ConocoPhillips China's delayed response to an oil leak in the Penglai 19-3 Oilfield resulted in thousands of tons of crude spreading across an area of at least 840 square km of the Bohai Sea, causing an ecological disaster and outrage among the Chinese public.

And not long after KFC disclosed that its soybean milk was made from a questionable powder, another public outcry erupted after reports that the U.S. fast food giant was changing its cooking oil every four days, far longer than most Chinese restaurants.

These are not the only problematic foreign companies.

On January 9, 2008, the Ministry of Environmental Protection (MEP) released a list of 130 multinationals operating in China that have illegally polluted the environment. The ministry's blacklist was based on special inspections conducted between 2004 and 2007 on suspected foreign companies.

From government investigations and reviews, it's clear that some multinationals have not and are not fulfilling their responsibilities to maintaining operations in China.

"When we open our door and are ready to enjoy products and services provided by world famous brands, are we ready to protect our consumers, our resources and environment?" Xinhua News Agency asked in a commentary published on September 9.

As China continues to reform and opening up, more multinationals are investing in China, establishing factories, research and development institutions and trading companies. Among the world's top 500 companies, more than 450 have set up shops here, promoting China's economic development, social progress, technology upgrading and introduction of strategic resources. However, this is not the reason to relax government supervision.

Gu Xiaoming, professor of sociology at the Shanghai-based Fudan University, said the government should play the leading role in urging enterprises to fulfill their social responsibilities and establish a mechanism to make enterprises regularly publicize their social responsibilities.

Inadequate supervision

In the past decade, ConocoPhillips has been involved in at least five environmental lawsuits or disputes in the United States, paying out nearly $700 million in damages and restitution. But in China, under the high pressure of the media, ConocoPhillips has reversed the passive situation of avoiding environmental impact assessment and ecological damage and announced it will establish the Bohai Bay Fund. The fund will address ConocoPhillips' responsibilities in accordance with relevant laws of China and to benefit the general environment in the Bohai Bay.
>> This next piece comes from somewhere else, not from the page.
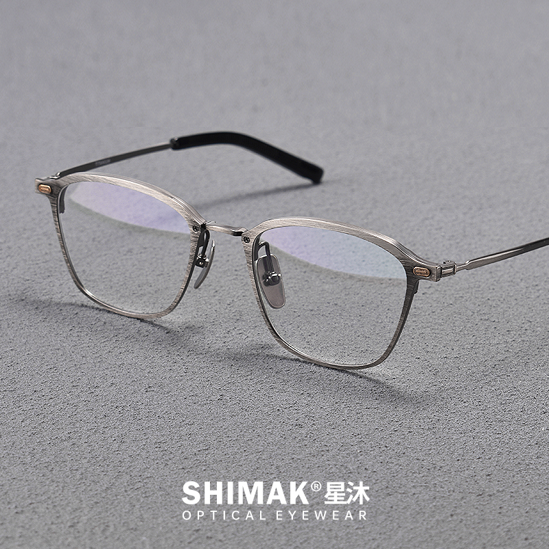 日系超轻商务纯钛方框个性眼镜框男款大脸镜架女可配近视拉丝枪色

Since related Chinese laws and regulations are still in their infancy, it is hard for the Chinese Government to get reasonable compensation from ConocoPhillips similar to what it had paid out in the United States. According to China's Marine Environment Protection Law, the maximum administrative fine for pollution caused by offshore oil exploration is only 200,000 yuan ($31,348).

Three months after the Bohai oil leak was discovered, ConocoPhillips has yet to receive any severe punishment. The Xinhua commentary went on to point out that even though ConocoPhillips has paid some compensation, due to the lack of a supervision mechanism and inefficient punishment multinationals will have no "heart of fear" when they come to China seeking wealth.